After researching the patient’s chart, the practice manager realized that the prescription was sent in error. When she looked into it further, she discovered that this patient had multiple and ongoing prescriptions for this drug. She talked to the doctor and realized he had never prescribed this medication, and he did not submit a request to the pharmacy. The practice realized, by performing an internal audit, that an employee had the doctor’s EHR username and password. The employee was illegally submitting and picking up a prescription for a controlled substance. The practice worked with local law enforcement, allowing the prescription to go through, and police arrested the employee when she went to pick up the drugs at the pharmacy.

  • About:
  • This is relevant to any practice (dermatology or plastic surgery) that might prescribe or dispense controlled substances.
  • Controlled substances might be used in the operating room to anesthetize a patient or to relax a patient before a procedure.
  • Risk factors:
  • Unauthorized personnel are allowed access to controlled substances.
  • Blank prescription pads are left unattended.
  • Staff has access to physician e-prescribing logins and can submit e-prescriptions for controlled substances.
  • Mitigation tips:
  • Ensure proper licensure with the US Drug Enforcement Administration (DEA).
  • Use physical controls to restrict drug access for patients and employees.
  • Maintain accurate inventory to know the type and quantity of each stored controlled substance.
  • Institute strict control over provider log-in information.

Retail goods

Case study: A patient purchases two bottles of the same product containing retinol. After she starts using the product on her face, she notes the skin around her lower eyes becomes irritated. The cosmetic counselor recommends switching out the product for a milder formula. The patient takes home the new product, but the employee places the unopened product in her purse. She later goes home and sells the returned item on eBay and keeps the money.

  • About:
  • Employees periodically taking products for personal use without paying for them.
  • Staff stealing returned merchandise, such as a product that a patient did not like. The employee may use the product for personal use or sell the product online (like in the case study).
  • Risk factors:
  • The inventory system in place does not track products by Universal Product Code (UPC).
  • Practice does not complete monthly scanned inventories and rarely conducts a hard count inventory to verify the amount of product on hand.
  • Inventory systems or displays are haphazard, without an organized grouping of products.

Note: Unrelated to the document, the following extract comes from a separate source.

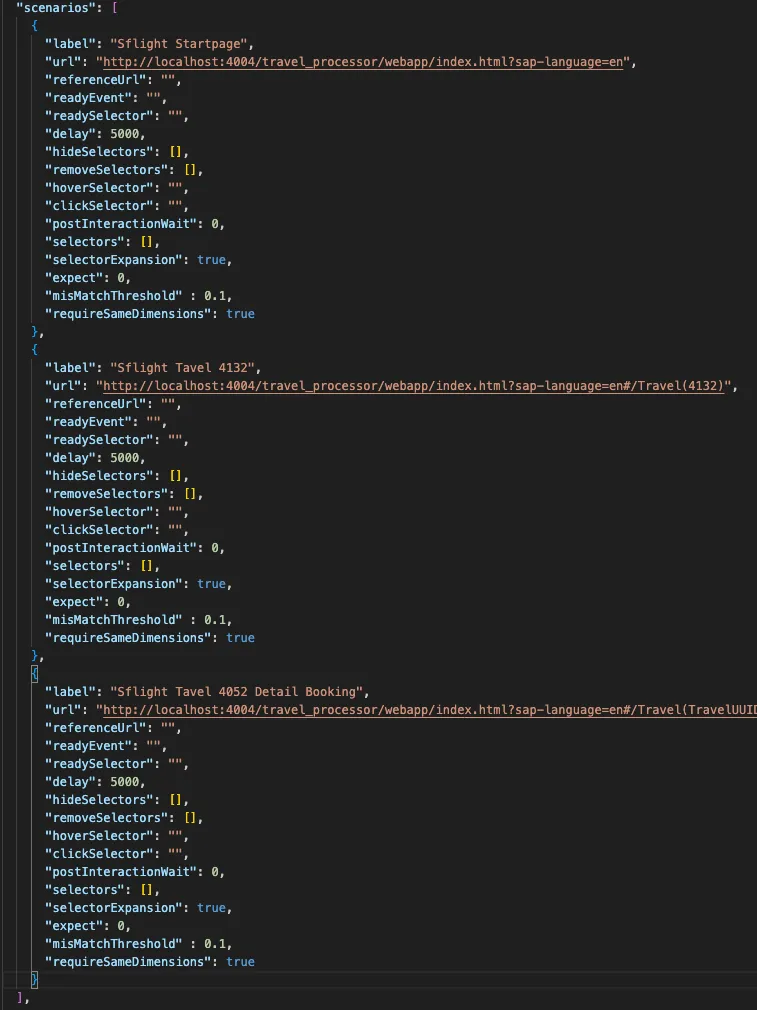 Tests are defined in the JSON file backstop in the array scenarios. The Fiori Elements app being tested allows to directly access entities. These pages are going to be tested:

This allows merchandise to go missing without anyone noticing.
  • Mitigation tips:
  • Develop a schedule to audit product inventory. Use a handheld scanner to conduct monthly inventories and perform a hard count audit once per quarter.
  • Use an inventory management system with bar code labels that stick to product packaging.
  • Implement a control system to manage product and vendor returns.

Office supplies

Case study: It’s back to school time! Instead of purchasing school supplies for his daughter, an employee raids the office supply closet to complete his shopping list. He does not give it a second thought—the practice has plenty of these supplies!

  • About:
  • Employees often feel it is okay to take home office supplies.
  • Everyday stolen items include stamps, Post-it notes, coffee, or notepads.
  • Risk factors:
  • Office supplies are readily available without any accountability for their use.
  • The office orders its supplies without having controls set for the frequency of how often supplies are needed.
  • Mitigation tips:
  • Teach practice core values and set the tone for frugality, even when it comes to using office supplies.
  • Lock office supplies in a closet and only replenish a common area sparingly.
  • Install a security camera.

Protect Yourself

Fraud can be carried out in multiple ways. By knowing what to look out for and strengthening areas of potential weakness, you can make yourself less susceptible to fraud. If you suspect fraud in your practice, contact your business attorney and local law enforcement.